E così la procura di Roma ha rinnovato agli inquirenti egiziani la richiesta di atti e documenti sul caso, dopo la rogatoria partita qualche settimana fa.
Tra le altre cose mancano ancora sia i verbali di alcune testimonianze, sia i dati delle celle telefoniche e i video delle telecamere di sorveglianza di metropolitane e negozi del quartiere nel quale Regeni viveva e dal quale è sparito il 25 gennaio scorso.
Tutti documenti dei quali la procura capitolina aveva fatto esplicita richiesta.
A fronte di una vicenda che è stata viziata da omertà , depistaggi e criminali connivenze, il governo italiano non ha ancora ritenuto di fare un passo ufficiale nei confronti di un regime militare che ha fatto “scomparire” oltre 1.400 persone negli ultimi mesi, come denunciato da tutte le organizzazioni umanitarie.
Il 35% degli italiani, in un recente sondaggio, chiedeva la rottura delle relazioni diplomatiche con l’Egitto, ma Renzi tergiversa, prende tempo, forse nella speranza che il caso venga “dimenticato”.
Siamo uno dei pochi siti web di area (sicuramente il primo) che ha denunciato il “silenzio” della destra italiana di fronte a un caso evidente di violazione della nostra sovranità e della dignità del nostro Paese.
E’ inammissibile tacere di fronte al sequestro, alle sevizie e all’assassinio di un nostro connazionale da parte di apparati di uno Stato straniero.
Ci chiediamo: dov’è quella destra che parla di sovranità e legalità solo quando gli fa elettoralmente comodo?
Forti coi deboli e deboli coi forti: è questa la destra che si richiama ai “valori” e che si propone di governare l’Italia?
Cosa aspettano i leader nazionali e i candidati romani del centrodestra a dare un segnale forte, recuperando il ruolo che persino un Renzi è riuscito a a sottrarre loro?

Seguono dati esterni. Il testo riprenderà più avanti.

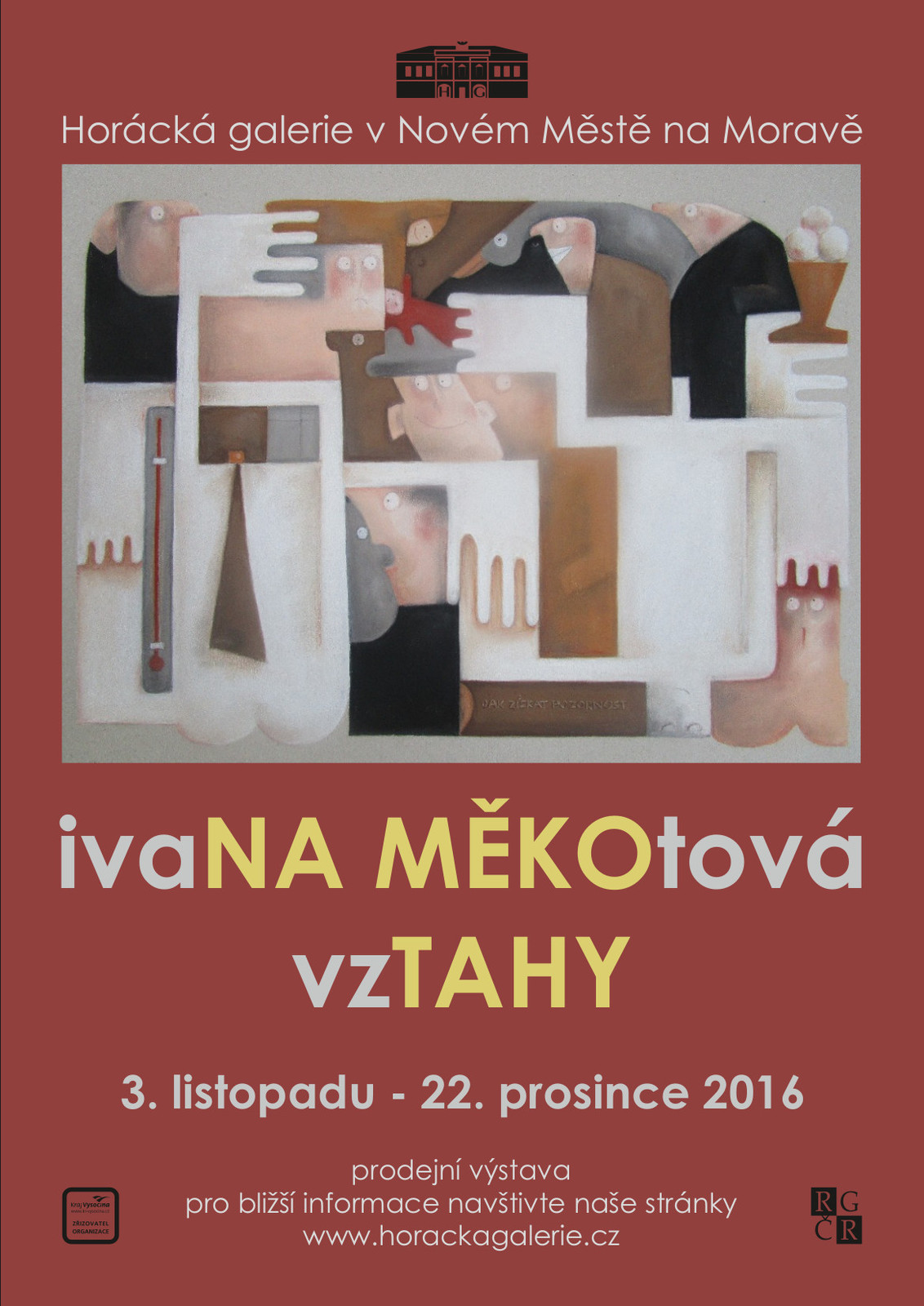 Horácká galerie vás srdečně zve na vernisáž výstavy výtvarnice ze Světlé nad Sázavou Ivany Měkotové. V Malé galerii bude k vidění několik desítek plasticky působících pastelů této umělkyně, jenž zachycují zdánlivě banální životní situace a představují je jako divadelní scénu se skrumáží na první pohled nesouvisejících postav či předmětů. Pozorovatel tak až po delším zkoumání vyčte celý příběh na obraze. Prodejní výstava s výstižným názvem vzTAHY bude zahájena 3. listopadu 2016 v 17 hodin za účasti autorky. Hudebně ji doprovodí svými improvizacemi na flétnu Aleš Bartoš.

Non esistono vittime di serie A e di serie B, esistono Italiani.
E chi vuole governare l’Italia deve dimostrare di averne capacità e determinazione.
Ai vari Berlusconi, Salvini, Meloni, Bertolaso e Storace diciamo: fuori gli attributi o tacete per sempre.
Per una volta fate una cosa di destra: occupate simbolicamente l’ambasciata egiziana a Roma.
Per la memoria di Giulio che chiede giustizia e per la dignità del nostro Paese.